Sam Nixon
- Born: Samuel Nixon 15 August 1996 (age 29) Dorchester, Dorset, England
- Height: 1.93 m (6 ft 4 in)
- Weight: 124 kg (19 st 7 lb; 273 lb)
- School: Hazlegrove Preparatory School Millfield School

Rugby union career
- Position: Tighthead Prop
- Current team: Grenoble

Senior career
- Years: Team / Apps / (Points)
- 2019–2020: Bath / 18 / (0)
- 2020–2021: Bayonne / 25 / (0)
- 2021–.2022: Exeter Chiefs / 10 / (0)
- 2022–: Grenoble
- Correct as of 9 March 2022

= Sam Nixon (rugby union) =

English rugby union player

Sam Nixon (born 15 August 1996) is an English professional rugby union player who plays as a tighthead prop for Grenoble in France's Pro D2. He previously played for Exeter Chiefs and Bath in Premiership Rugby.
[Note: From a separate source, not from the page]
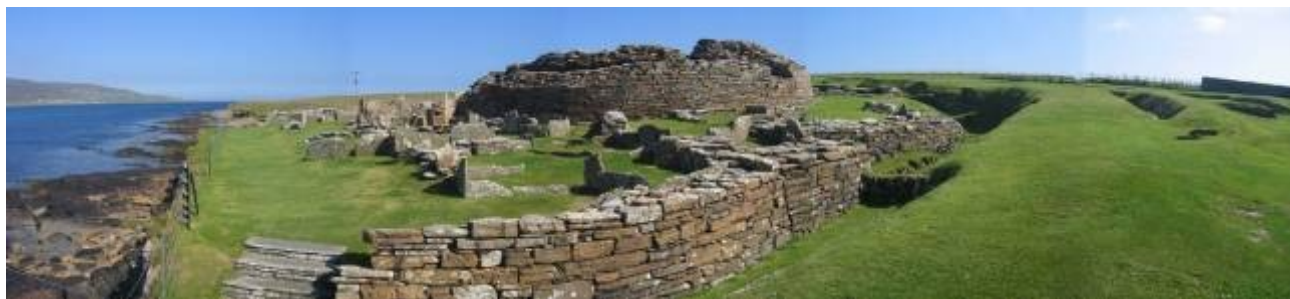
Broch of Gurness

Also for Top 14 club Bayonne.
He started his Rugby career with London Scottish academy before joining Plymouth Albion in July 2016. He joined Bath in February 2017. A product of Hazlegrove Prep School and Millfield School.

Nixon was promoted from the Bath academy to the senior squad at the end of the 2018–19 Premiership Rugby season. He left Bath to sign for French side Bayonne in the Top 14 from the 2020–21 season.

On 13 August 2021 Nixon signed for Exeter Chiefs.